Take Advantage of Each Block in try/except/else/finally#

Finally Blocks#

Use try...finally when you want exceptions to propagate up but you also want to run cleanup code when exceptions occur.

handle = open('/tmp/random_data.txt')  # May raise IOError
try:
    data = handle.read()  # May raise UnicodeDecodeError
finally:
    handle.close()        # Always runs after try:

Else Blocks#

When the try block doesn’t raise an exception, the else block will run.
The else block helps you minimize the amount of code in the try block and improves readability

def load_json_key(data, key): try: result_dict = json.loads(data) # May raise ValueError except ValueError as e: raise KeyError from e else: return result_dict[key]

If decoding is successful the result key is returned if there is a KeyError that propagtes up to the caller

Everything together Try…Except…Else…Finally#

UNDEFINED = object()

def divide_json(path):
    handle = open(path, 'r+')   # May raise IOError
    try:
        data = handle.read()    # May raise UnicodeDecodeError
        op = json.loads(data)   # May raise ValueError
        value = (op['numerator'] / op['denominator'])
        # May raise ZeroDivisionError
    except ZeroDivisionError as e:
        return UNDEFINED
    else:
        op['result'] = value
        result = json.dumps(op)
        handle.seek(0)
        handle.write(result)    # May raise IOError
        return value
    finally:
        handle.close() # Always runs

Functions#

Best organisation tool that help break up large programs into smaller pieces.

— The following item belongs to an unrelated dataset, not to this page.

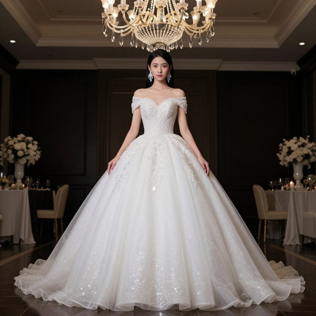 Photograph of a slender, light-skinned woman with long black hair, wearing an off-the-shoulder, white, lace-embellished ball gown with a full, sparkling tulle skirt. She stands confidently in an elegant, dimly lit ballroom with a grand chandelier overhead. The background features dark walls, round tables draped in white cloths, and floral centerpieces. The woman's makeup is subtle, with red lipstick, and she wears large, dangling earrings. The floor is reflective, enhancing the gown's shimmering details.

They improve readibility and make code more approachable.

Prefer Exceptions to Returning None#

There’s a draw for Python programmers to give special meaning to the return value of None

A helper function that divides one number by another. In the case of dividing by zero, returning None seems natural because the result is undefined.

def divide(a, b):
    try:
        return a/b
    except ZeroDivisionError:
        return None

Using the function:

result = divide(x, y)
if result is None:
    print('Invalid inputs')

The problem is what if the numerator is 0 and denominator not zero, that returns 0. Then when you evaluate in an if condition and look for false istead of is None

That is why returning None is error prone

There are two ways to fix this, the first is returning a two tuple of (success_flag, result) The problem is that some will just ignore that with the _ for unused variables

The better way is to not return None at all, rather raise an exception and have them deal with it.

def divide(a, b):
    try:
        return a / b
    except ZeroDivisionError as e:
        raise ValueError('Invalid inputs') from e

I would even not raise the ValueError

It is then handled better on the caller (no check for None):

x, y = 5, 2
try:
    result = divide(x, y)
except ValueError:
    print('Invalid inputs')
else:
    print('Result is %.1f'.format(result))

>>>
Result is 2.5

Raise eceptions instead of returning None

Know How Closures Interact with Variable Scope#

closures: functions that refer to variables from the scope in which they were defined
functions are first class objects: you can refer to them directly, assign them to variables, pass them as arguments to other functions

When you reference a variable the python interpreter resolves the reference in this order: 1. Current function’s scope 2. Any enclosing scopes 3. Scope of the module containing the code (global scope) 4. The built-in scope (python built in functions: len, str, etc.)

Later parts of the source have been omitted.